Sophia: can you describe the fashion blogging scene and community in Australia?

Margaret: Australia’s really slow on the uptake. Australia’s really far behind. Having been overseas and seen what happens in Europe and New York, we are just so slow. Blogging is not recognised as a profession yet, so if I got a job through my blog I would be hired as a stylist, I would be paid as a stylist, but I wouldn’t be paid as a blogger. Or if I was doing freelance writing, I would be paid as a writer and not a blogger. That’s something that is definitely going to change in the next five years. It’s already happening at the States: people are getting paid as bloggers and as personalities to be at places…it’s a career. Most of the Australian bloggers who have some influence, we all know each other and we’ve all spoke and we meet at events and we see each other at fashion week and stuff. Some of us are quite close to each other, quite friendly. Most of the girls on the network I’m on [Fellt] right now, we’re all very close and it’s nice to have a community. It’s good because none of us are really competitive with each other because everyone has such diverse content, which I think is unique to Australia, there’s nowhere else in the world that has that unique content. That spread of content. There are always people overseas who are directly competing with each other for the same readers, and for the same brands. I think it’s really good for us because there’s no reason to be catty or anything like that. We all get along, and we all work with some of the same brands together but we always put our own spin on it.
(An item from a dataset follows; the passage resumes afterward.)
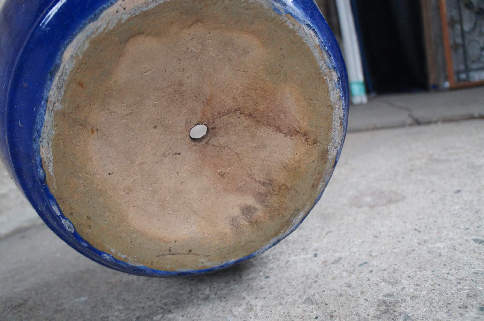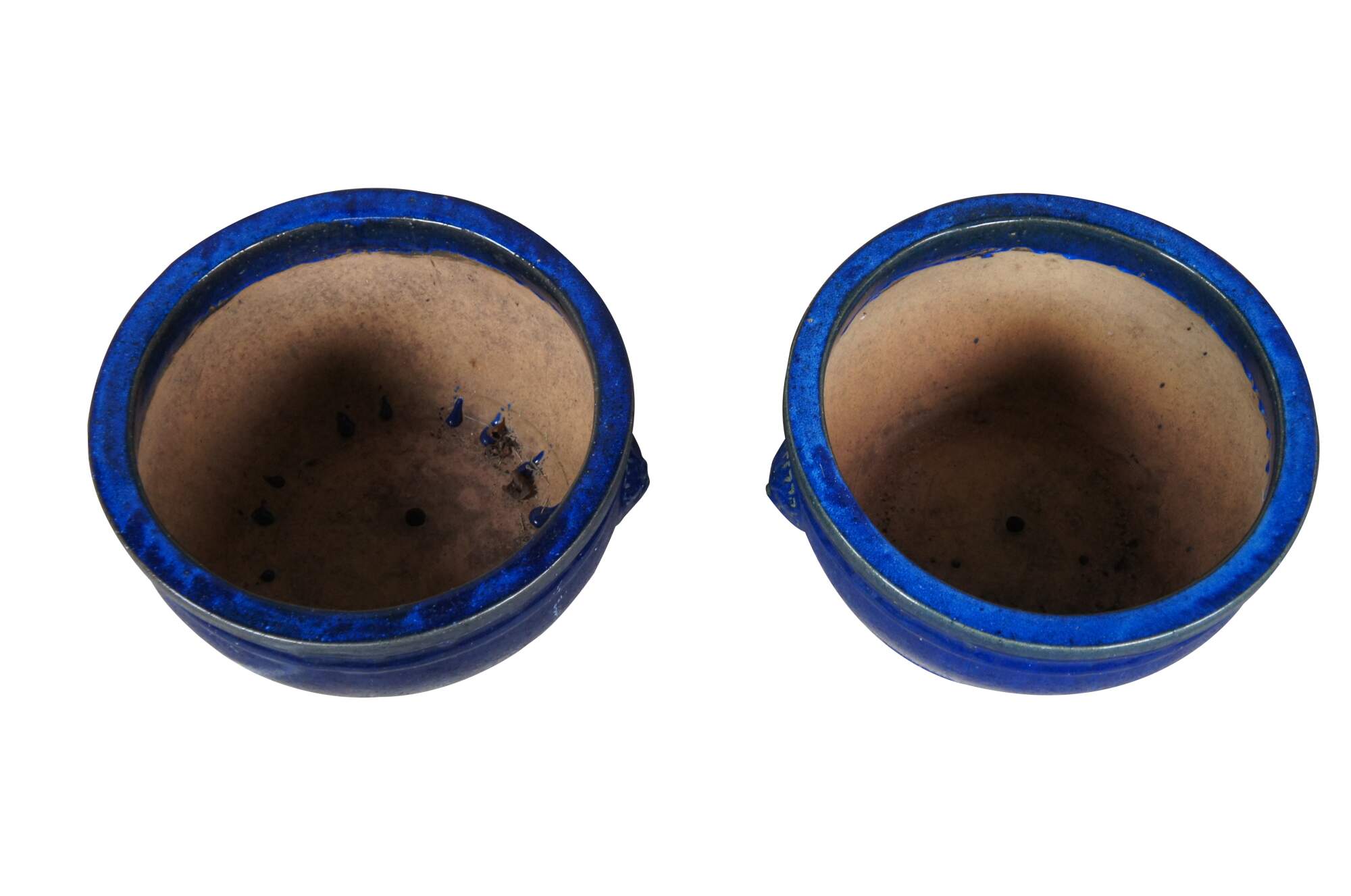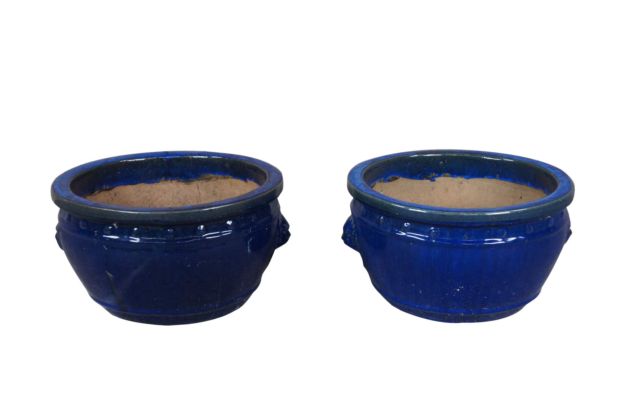 2 Handmade ceramic blue urns. Glazed in blue with lion heads and knockers. Features raised dots beneath the top lip and a drip hole in the base.

Like the Miss Shop Blogger project, it’s always beneficial for the brand.

Sophia: how would you compare fashion blogs to fashion magazines?

Margaret: They are quite different. The language in magazines, you don’t find that on blogs. People who work at magazines are trained writers, trained journalists who write in a certain way, conscious of who they’re writing to and who they’re working for. It’s quite a refined art. I write a lot more than any other blogger on my network, out of all of us, I do the most writing. Fashion blogging is very heavily dependant on visuals, so they are people who read what you write but on the most part people just look at your images. Which is different [to magazines] obviously. Magazines are a lot more impersonal because they need to reach a wider range of people. They’re a lot more organised and they are a lot less updated. I mean the conflict between magazines and bloggers is that we can get content up that day and they get content in their magazine in a month’s time. Magazines are very impersonal and it’s aspirational. Blogs are aspirational too, like when Rumi wears a Celine jacket, I can’t afford that, I could buy a car with that, it’s aspirational but it’s still personal because she’s still writing in her personal voice. You know it’s her who’s writing. Magazines force things on people and they don’t ask for feedback, it’s just not a very organic approach.